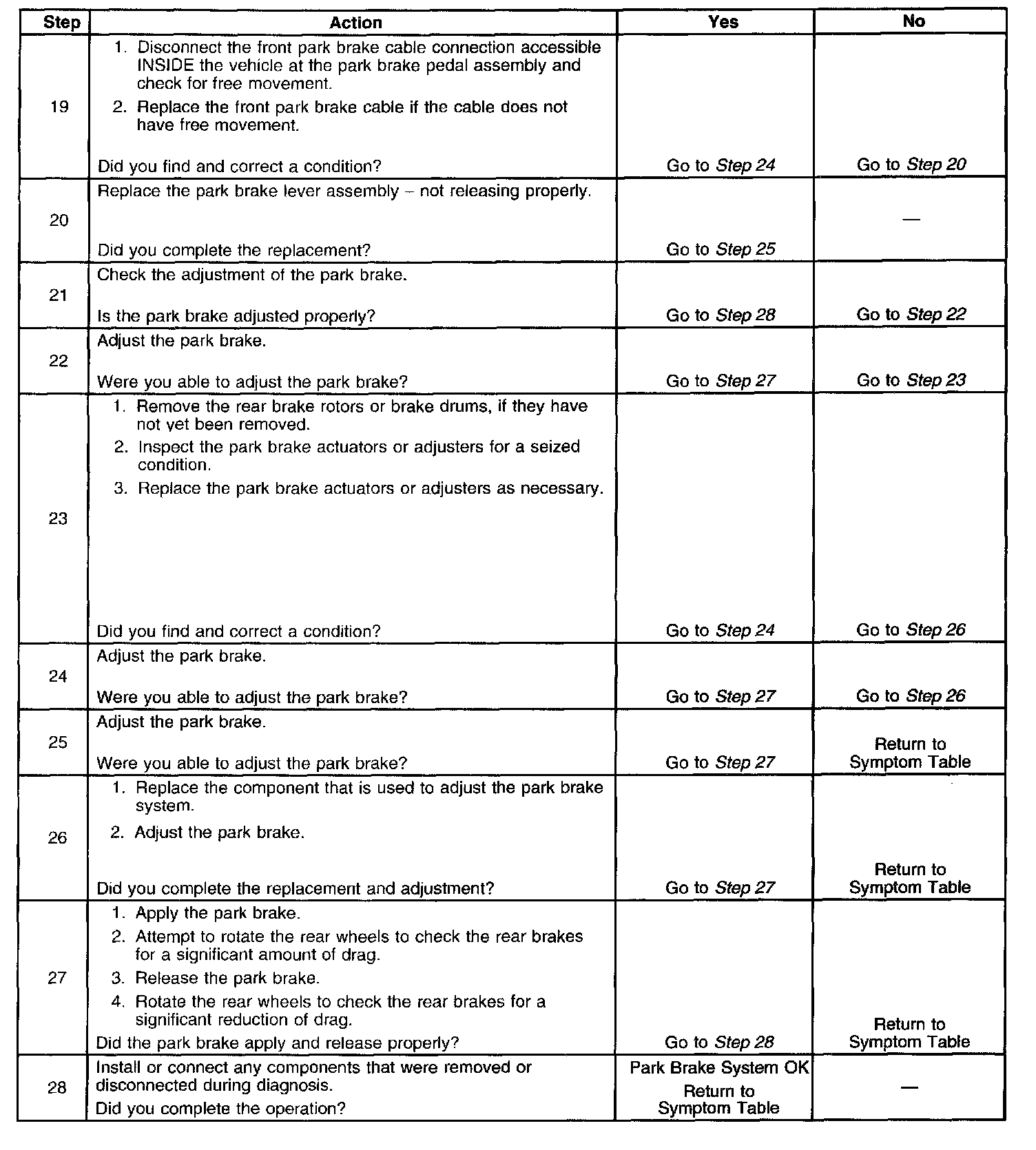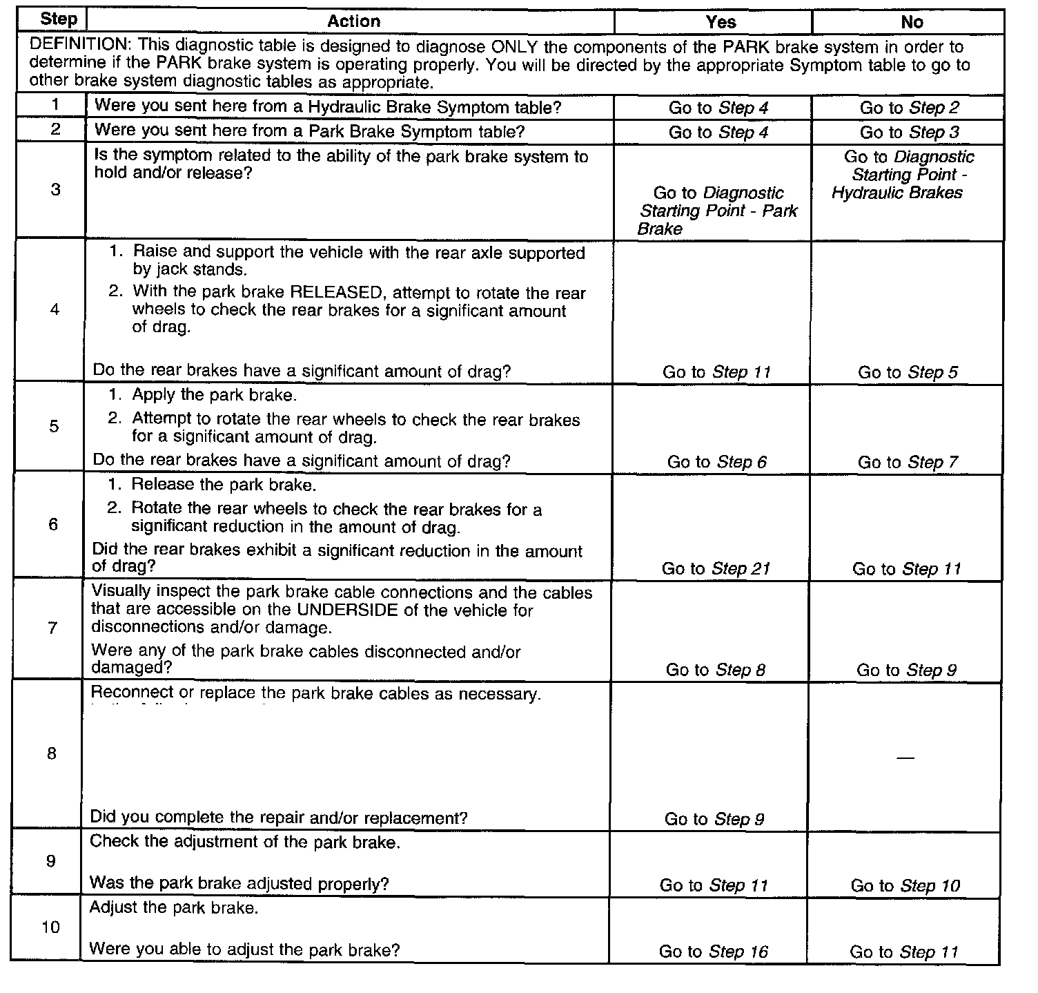 Park Brake System Diagnosis
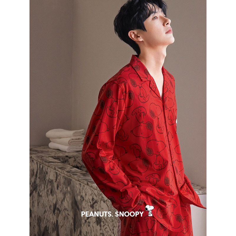 贝妍春秋新婚情侣睡衣柔软棉长袖史努比套装男女红色本命年家居服
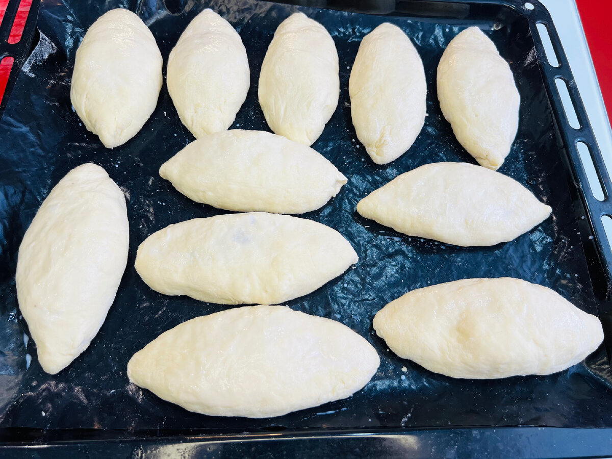 5. Выложить пирожки на противень, смазать взбитым яйцом и отправить в разогретую до 180 градусов духовку. Выпекать около 40 минут до золотистой корочки.
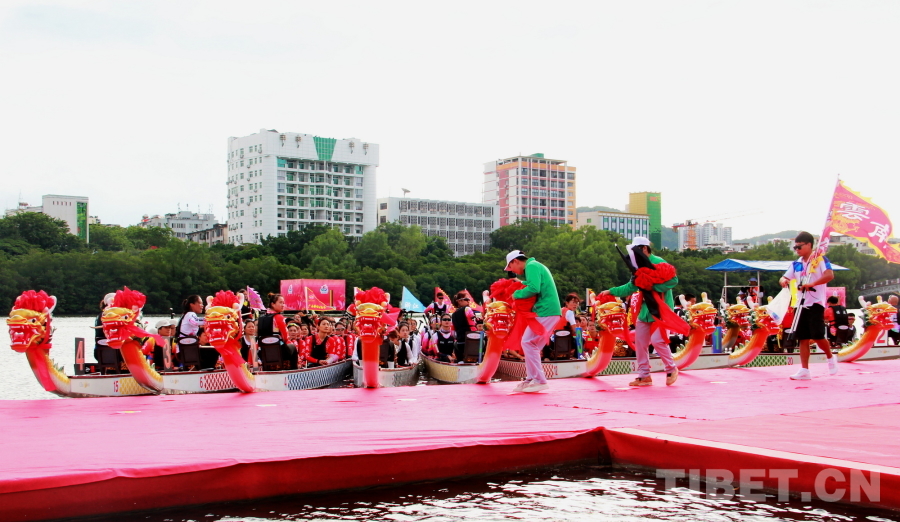賽前,在龍舟巡游活動(dòng)后,國(guó)家民委副主任郭衛(wèi)平,海南省委常委、宣傳部部長(zhǎng)王斌,香港代表團(tuán)顧問(wèn)、中國(guó)香港體育協(xié)會(huì)暨奧林匹克委員會(huì)會(huì)長(zhǎng)霍震霆,香港代表團(tuán)團(tuán)長(zhǎng),香港文化體育及旅游局體育專員蔡健斌,國(guó)家民委文化宣傳司司長(zhǎng)張謀,國(guó)家民委港澳臺(tái)辦公室主任魏國(guó)雄,海南省政府副秘書長(zhǎng)國(guó)章成,國(guó)家民委文化宣傳司副司長(zhǎng)張劍輝,國(guó)家民委港澳臺(tái)辦公室副主任趙靜,海南省民委副主任黎梁東,海南省旅文廳副廳長(zhǎng)王忠云,海南省三亞市政府副市長(zhǎng)張長(zhǎng)豐為龍舟點(diǎn)睛、披紅,將比賽氛圍烘托得格外喜慶熱烈。
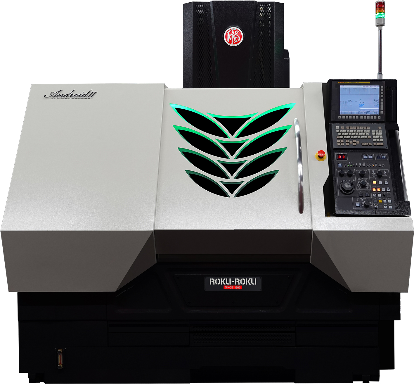 機体の温度管理用インターフェース等を装備し、機械が持つ潜在能力を最大限に引き出す「オペレータ」の介入機能を強化したAdvanced M-Kit を搭載。更にお客様から寄せられた要望を反映し、シナジー効果の徹底によりRaシングルナノの高面品位加工を実現する「type-s」モデルもラインアップした次世代機「AndroidⅡ」に、高精度微細5軸加工を可能にする傾斜円テーブルを搭載。

## TASK DIRECTIONS
Please repeat the records above word for word, and do not include the pictures.

## WRITTEN REPLY
 Park Brake System Diagnosis
 贝妍春秋新婚情侣睡衣柔软棉长袖史努比套装男女红色本命年家居服
 5. Выложить пирожки на противень, смазать взбитым яйцом и отправить в разогретую до 180 градусов духовку. Выпекать около 40 минут до золотистой корочки.
賽前,在龍舟巡游活動(dòng)后,國(guó)家民委副主任郭衛(wèi)平,海南省委常委、宣傳部部長(zhǎng)王斌,香港代表團(tuán)顧問(wèn)、中國(guó)香港體育協(xié)會(huì)暨奧林匹克委員會(huì)會(huì)長(zhǎng)霍震霆,香港代表團(tuán)團(tuán)長(zhǎng),香港文化體育及旅游局體育專員蔡健斌,國(guó)家民委文化宣傳司司長(zhǎng)張謀,國(guó)家民委港澳臺(tái)辦公室主任魏國(guó)雄,海南省政府副秘書長(zhǎng)國(guó)章成,國(guó)家民委文化宣傳司副司長(zhǎng)張劍輝,國(guó)家民委港澳臺(tái)辦公室副主任趙靜,海南省民委副主任黎梁東,海南省旅文廳副廳長(zhǎng)王忠云,海南省三亞市政府副市長(zhǎng)張長(zhǎng)豐為龍舟點(diǎn)睛、披紅,將比賽氛圍烘托得格外喜慶熱烈。
 機体の温度管理用インターフェース等を装備し、機械が持つ潜在能力を最大限に引き出す「オペレータ」の介入機能を強化したAdvanced M-Kit を搭載。更にお客様から寄せられた要望を反映し、シナジー効果の徹底によりRaシングルナノの高面品位加工を実現する「type-s」モデルもラインアップした次世代機「AndroidⅡ」に、高精度微細5軸加工を可能にする傾斜円テーブルを搭載。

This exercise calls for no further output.